The major benefit IMO for the PB-2000 is they could also go in the areas I'm thinking of doing the sealed enclosure in due to their size and being front firing and front ported will be the best for this application. The PSA XV15's would need to be placed inside the main speakers due to its down firing rear ported configuration and would not be able to be placed in the same areas as what the svs could or the DIY would have to be placed in. That's not a negative of course but perhaps WAF would kick in with the subs sitting where they would need to sit for the PSA's and that would present a dilemma if the wife decided she wanted them where the DIY subs or the SVS could be placed. The other concern with DIY is I like the idea of a warranty and DIY would not offer me that much in warranty in comparison to the likes of SVS and PSA. Also the built in DSP on the PSA and SVS is also a big plus as well as the low power consumption in comparison to what DIY would be when being powered by an EP4000. Connections would also be much simpler with the manufactured powered subs. LFE cables are already in place. I know it's a lot of info to ask for a sub that's not been professionally reviewed yet but some input would be nice.


----------



## theJman (Mar 3, 2012)

At this point the new SVS PB/SB 2000 subwoofers are a bit of an enigma, without many owners or reviews, so any claims regarding their abilities should be considered purely conjecture. Until info starts getting out I would put little value in what others are speculating. FWIW... I did reach out to Ed Mullen toward the end of last year offering to do the same thing I did with the PB/SB 1000 - review them both at the same time - but I don't have a commitment either way. It may still happen, but there's nothing imminent.


----------



## Mike0206 (Jul 14, 2013)

theJman said:


> At this point the new SVS PB/SB 2000 subwoofers are a bit of an enigma, without many owners or reviews, so any claims regarding their abilities should be considered purely conjecture. Until info starts getting out I would put little value in what others are speculating. FWIW... I did reach out to Ed Mullen toward the end of last year offering to do the same thing I did with the PB/SB 1000 - review them both at the same time - but I don't have a commitment either way. It may still happen, but there's nothing imminent.

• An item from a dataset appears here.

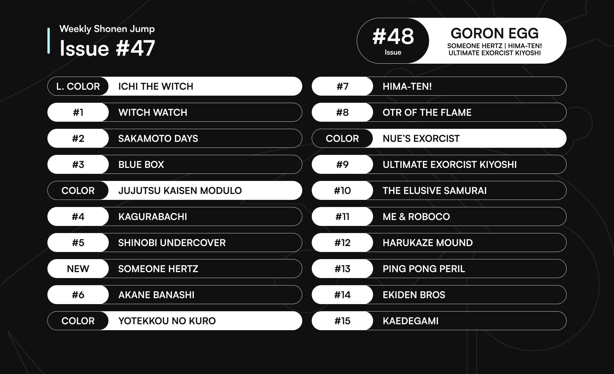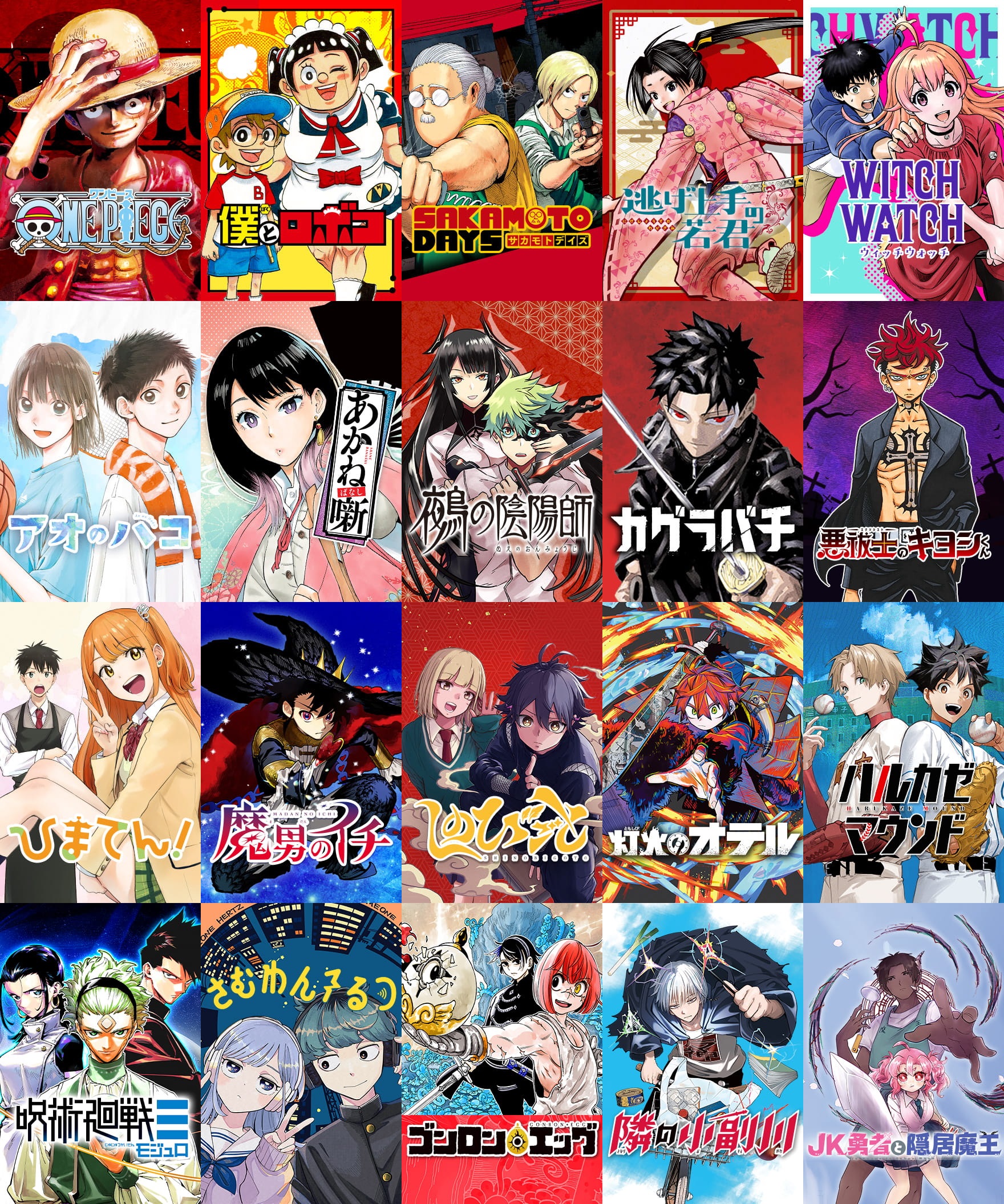 >>283681834One PieceSakamoto DaysElusive SamuraiWitch WatchBlue BoxAkaneNueKagurabachiIchiModuloSomeone Hertzeverything else deserves to be axed

 I figured as much cause it just came out. Looking forward to the possibility of your review and hopefully some info will roll in soon on the real world performance of the PB-2000. Thanks for your response and at least a thread has been started so hopefully it will generate some interest in comparing the PB-2000 with the XV15. Seems to me to be the top two subs in this price range and even slightly higher. Couple that with getting duals of these products for the same price as a single "higher end" product it stands to reason this should be a hot seller for SVS as the XV15 has been for PSA.


----------



## Bear123 (Dec 31, 2013)

The PB2000, according to SVS, will have 2-2.5 dB increased output from about 25 Hz up. Although nothing is 100% until tested, this should still put its max output below that of the XV15. However, that is by design. The XV15 focuses on max output. The SVS focuses on linearity and gives up some max SPL to do so. The new PB2000 is also tuned slightly lower than the PB12. I noticed this first hand as I went from the PB12 to the PB2000. On "Bass I Love You", the PB2000 provided a much more extended low frequency rumble at the end of the low bass sweep in the song than the PB12 did. Another words, this song hits somewhere in the 17Hz range which is inaudible, but can be felt and shook my room/couch/house with the PB12. The PB2000 also did so but the effect was more prolonged and noticeable, so it seems to me that it is digging deeper than the PB12 was able to.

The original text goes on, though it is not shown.